In a recent study of Los Angeles County, Asch et al. [10] similarly reported lower drug resistance among HIV-infected individuals (4 versus 13%). Although it appears that their results and ours are in concordance, there are important differences. In our TB population, initial resistance occurred in 8% of cases, whereas in their study initial resistance occurred in 11% of cases. Furthermore, we showed the percentage of initial drug resistance based on eight different drugs, whereas their data was based only on isoniazid initial resistance. Had we restricted our data in a similar way, initial resistance in Los Angeles County would be three times greater than in Tarrant County (11 versus 3.6%).
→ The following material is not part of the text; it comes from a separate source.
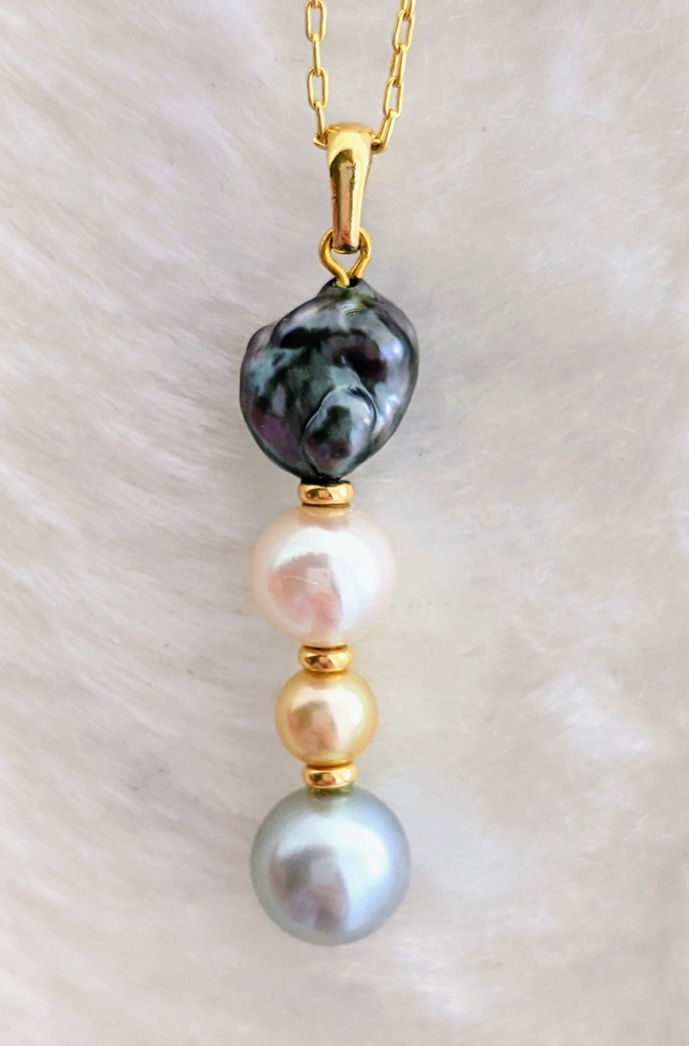 tahitian keshi&akoya 黒蝶ケシ あこや真珠 pentop k18
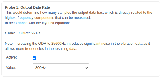 The file contains 800MHZ has the old data as well as new. Please refer to the latest data, located toward bottom of the file. There you will see that the old sensor has been set to 1600hz, similar to the new one.

The use of universal directly observable therapy for the past 10 years may account for this observation.
New York City occupies a unique although not singular position relative to TB control. Decreased funding occurring concurrently with the HIV epidemic resulted in a public health infrastructure that was susceptible to outbreaks of drug-resistant TB among both HIV-positive and negative persons. This condition, although most evident in New York City, occurred to a lesser extent in other major urban centers in the United States. Brudney and Dobkin [12] reviewed the resurgence of TB in New York City and they made the salient observation that 89% of persons discharged on TB treatment were lost to follow-up and did not complete therapy. Thus, incomplete treatment and not HIV infection may be hypothesized to account for the increase in resistance. Similarly, O'Brien [8] and Reichman [13] have reviewed drug-resistant TB and emphasize that the problem is predominantly due to failure in therapy.
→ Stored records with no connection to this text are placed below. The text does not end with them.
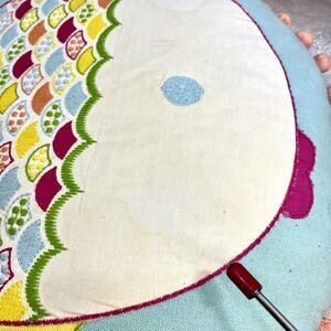 The Pottery Barn Kids Decorative Throw Fish Pillow is a vibrant addition to any child's bedroom. Featuring a playful fish print on a colorful background, this round pillow with pom pom detailing adds a fun and whimsical touch to the room. Measuring 17 inches in diameter, it is the perfect size for kids to snuggle up with. The sea life theme and fish character family make it a perfect choice for young ocean lovers.
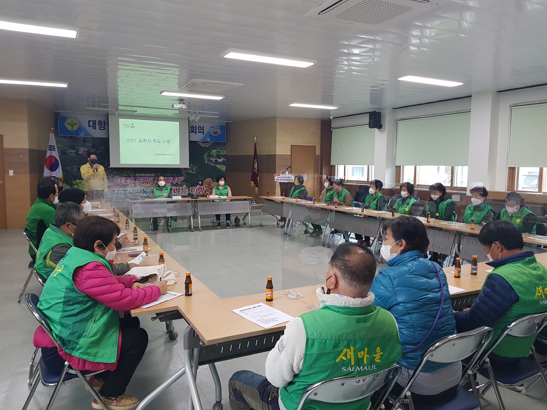 새마을지도자 안기수 총무 사회로 진행된 이번 회의는 먼저 면장님의 인사말씀과 면 자체 제작한 홍보물로 2021 공모사업 선정 현황과 곧 준공될 김천공공산후조리원, 노인건강센터, 청소년 문화의 집 등에 대해 소개하고 기업유치 현황을 홍보했다. 이어서 한 해 동안 적극적인 봉사정신으로 지역의 발전을 위해 노력한 회원들의 노고를 치하하고 2021년 새마을활동을 되돌아보며 남은 사업들의 추진도 논의했다.
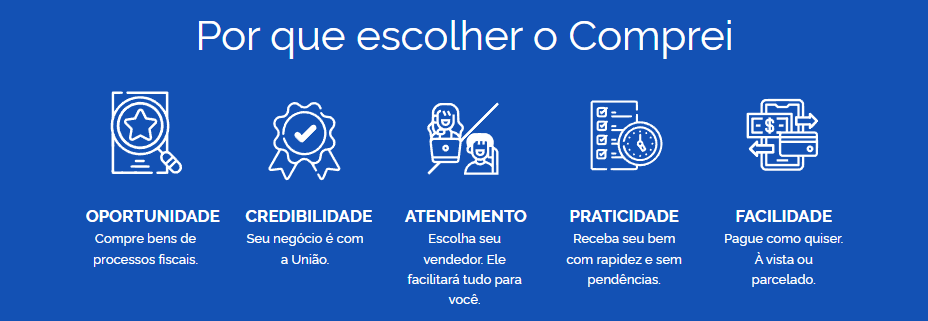 O Comprei é uma plataforma de negócios da União gerida pela Procuradoria-Geral da Fazenda Nacional para leiloar os imóveis para pagamento de dívidas fiscais.

Patients with HIV who become infected with TB are more likely to progress rapidly to active disease [14]. Thus, resistance patterns in HIV-infected individuals more closely reflect the current resistance patterns of the community. By contrast, disease occurring in HIV-negative individuals reflects the resistance patterns at the time of their infection, which was likely to be years to decades earlier. National surveillance data [8,9] indicate that resistance increased from just over 5% in the early 1980s to over 14% in 1991. When earlier studies are reviewed in light of our data, it appears that HIV coinfection does not increase the risk of drug resistance, but rather that the problem of increased drug resistance in these communities is manifested sooner in HIV-infected patients.
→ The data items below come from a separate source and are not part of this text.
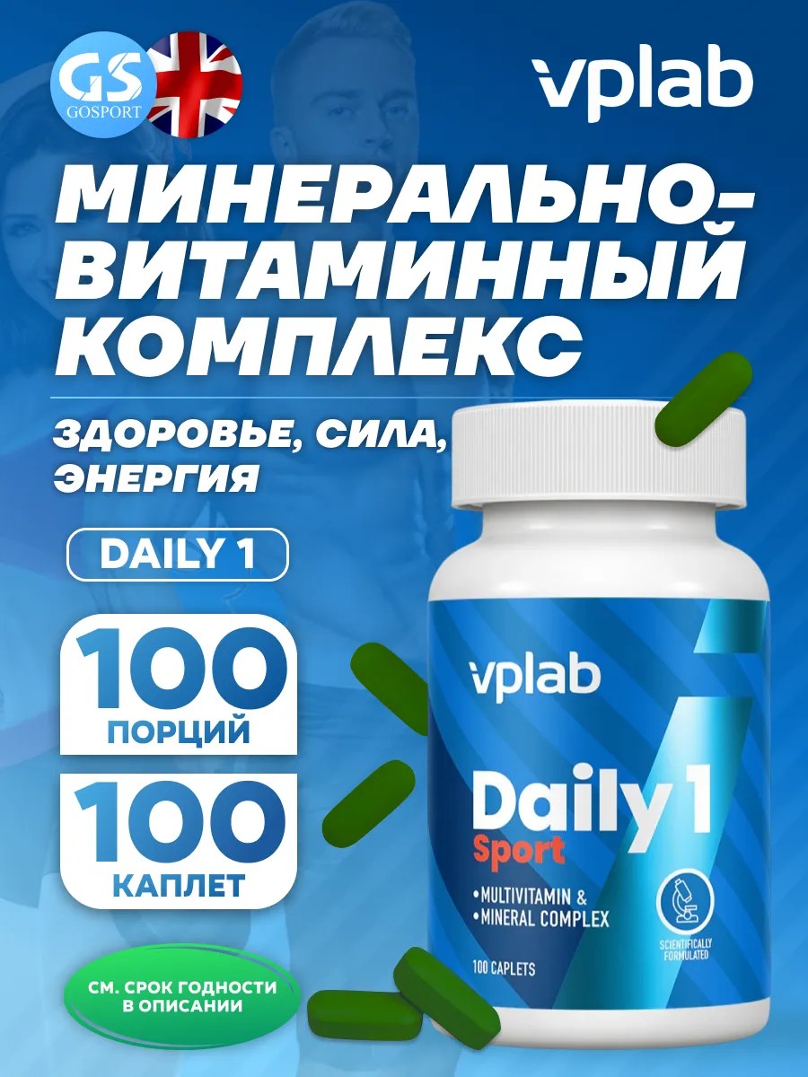 Expires until October 31, 2026. Daily 1 Vitamin Complex, 100 Caplets. Today's fast-paced lifestyle makes it difficult to maintain a strong immune system, which is why we're so often susceptible to various illnesses. To avoid negative impacts on our bodies, we must ensure we're getting enough essential vitamins and minerals. VPLab created the Daily 1 vitamin and mineral complex for this very purpose. This unique Daily 1 complex contains 25 vitamins and minerals. Folic acid, vitamin C, vitamin K1, vitamin B12, iron, magnesium, and zinc are just a few of the beneficial substances contained in one caplet of Daily 1. Daily 1 helps easily absorb nutrients with digestive enzymes, supporting optimal health and well-being. One package is designed for 100 days of use, allowing you to experience the beneficial properties of this complex over an extended period. Take one caplet daily with food and water.
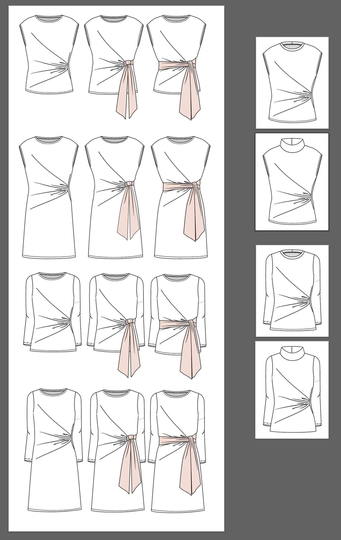 Choose between a top or dress length, two sleeve styles, and multiple tie options to create a garment that works year-round. With 54 possible combinations, RACHEL is an excellent wardrobe builder and a great introduction to sewing knit garments.
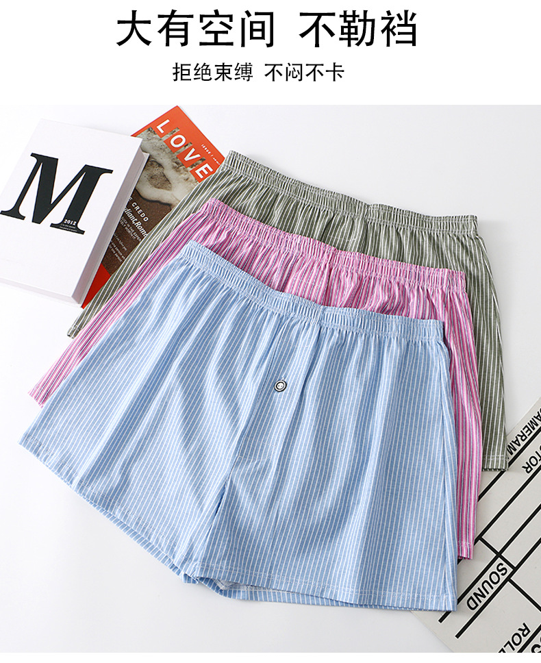 メンズパンツ男性純綿通気性ストライプピンク四角ズボン頭青年男性男性ゆったり大きいサイズ運動平角ズボン
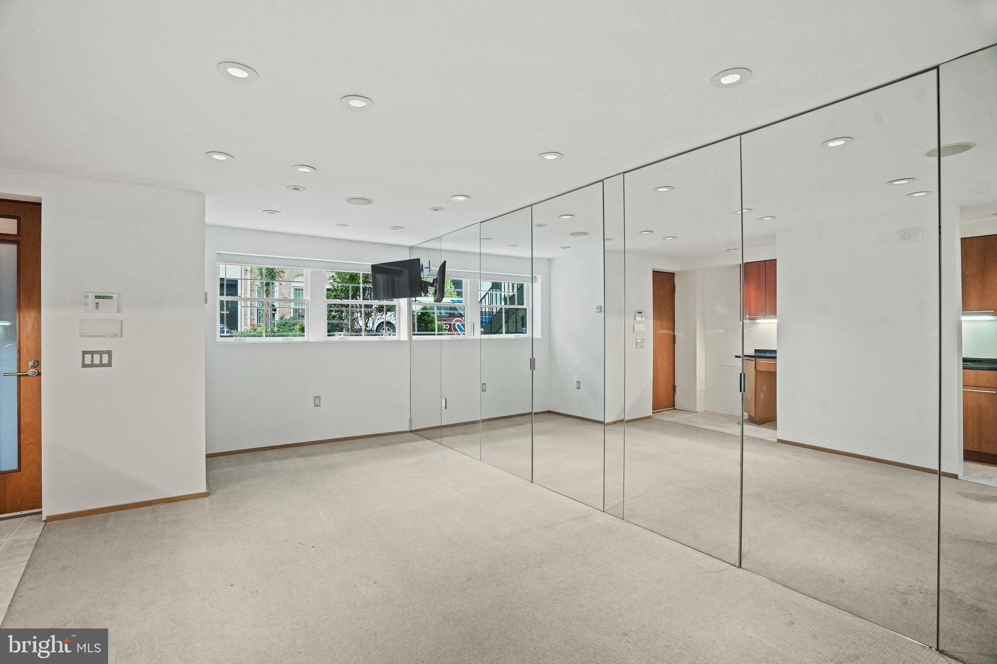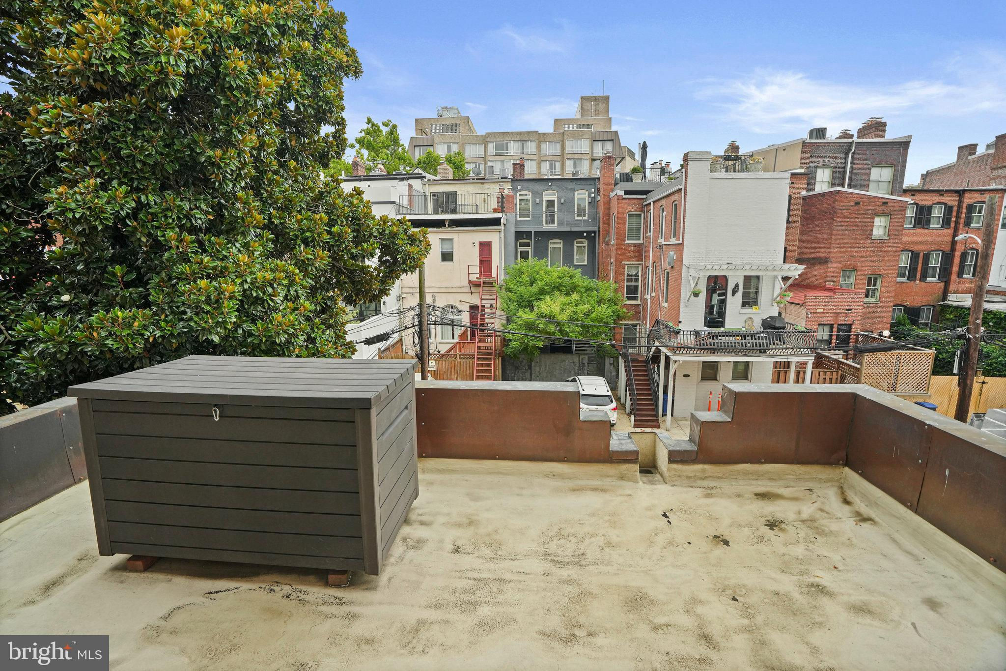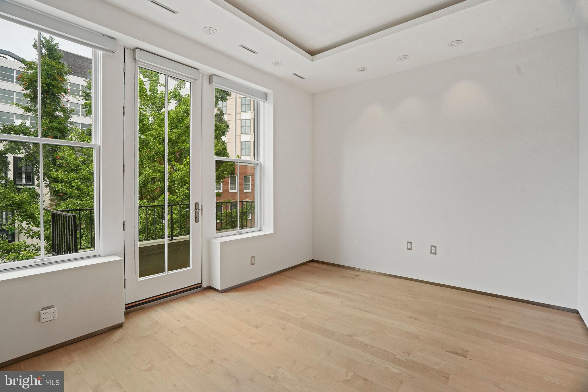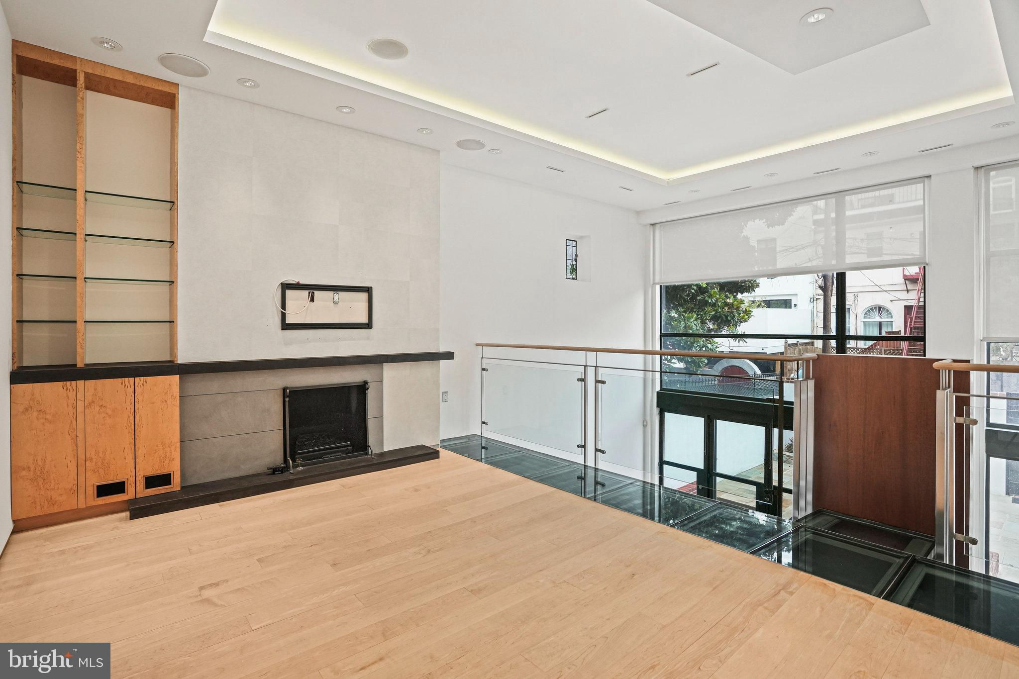 Discover a luxurious retreat at 2016 Hillyer Place, nestled in the historic Dupont Circle neighborhood. Originally built in 1897 and meticulously updated in 2005, this contemporary rowhome boasts an abundance of natural light and modern elegance. The open living room is a vision of modern design with crisp lines, wood floors, built-ins, a contemporary bay window, and custom blinds. A dramatic steel and glass staircase, crowned with an enormous skylight, adds a breathtaking element to the home. The family room, with its built-ins, gas fireplace, and wood floors overlooks a stunning kitchen and dining area. The sleek Poggenpohl kitchen is a chef's dream, featuring a Gaggenau gas cooktop with grill, wall oven, Miele coffee/espresso maker and dishwasher, Subzero refrigerator, granite and stainless counters, and a gas fireplace. The two-story dining area opens onto an expansive slate patio with a gas line for grilling and access to rear parking, offering a private urban oasis. This level also includes a gym with mirrored closets, a kitchenette, lots of additional storage, and laundry facilities. Upstairs, the home features three bedrooms. The primary suite is a tranquil haven with extensive closet space, a built-in bed, a large bath with a skylight, and a gas fireplace. The second bedroom offers an en-suite bathroom, wall of closets, and Juliet balcony. The third bedroom includes a gas fireplace, built-in shelving and desk, and a terrace. This exquisite home is located just steps from Dupont Circle for convenient access to shopping, dining, retail and the Dupont Circle metro station. The home has been freshly painted and has a brand new dual zone HVAC system. One off-street parking space is included.

Our data provide direct evidence that drug resistance is not an intrinsic feature of HIV infection, as neither initial nor acquired resistance was associated with HIV infection. In populations that have experienced a loss of TB control, published data [6,11] indicate that drug-resistant TB, although more common in HIV-positive persons (16-37%), is also highly prevalent in HIV-negative individuals (17-19%). These resistance rates are two to four times greater than the resistance rates found in Tarrant County where universal directly observed therapy has been used for more than a decade. This adherence-enhancing strategy has already been demonstrated to reduce initial and acquired resistance [15]. These decreases occurred during the same time-frame that resistance was increasing nationally. Chemotherapy of patients is a TB control measure required for the protection of the public, as well as for the treatment of the individual patient. Non-adherence not only leads to increased resistance but also to higher relapse rates, poor therapy completion rates and more disease transmission. The control of drug-resistant TB requires aggressive implementation of currently recommended TB control measures, which include the expanded use of directly observed therapy.
Acknowledgements
The authors thank J. Cowles of the Texas Department of Health for data collection assistance.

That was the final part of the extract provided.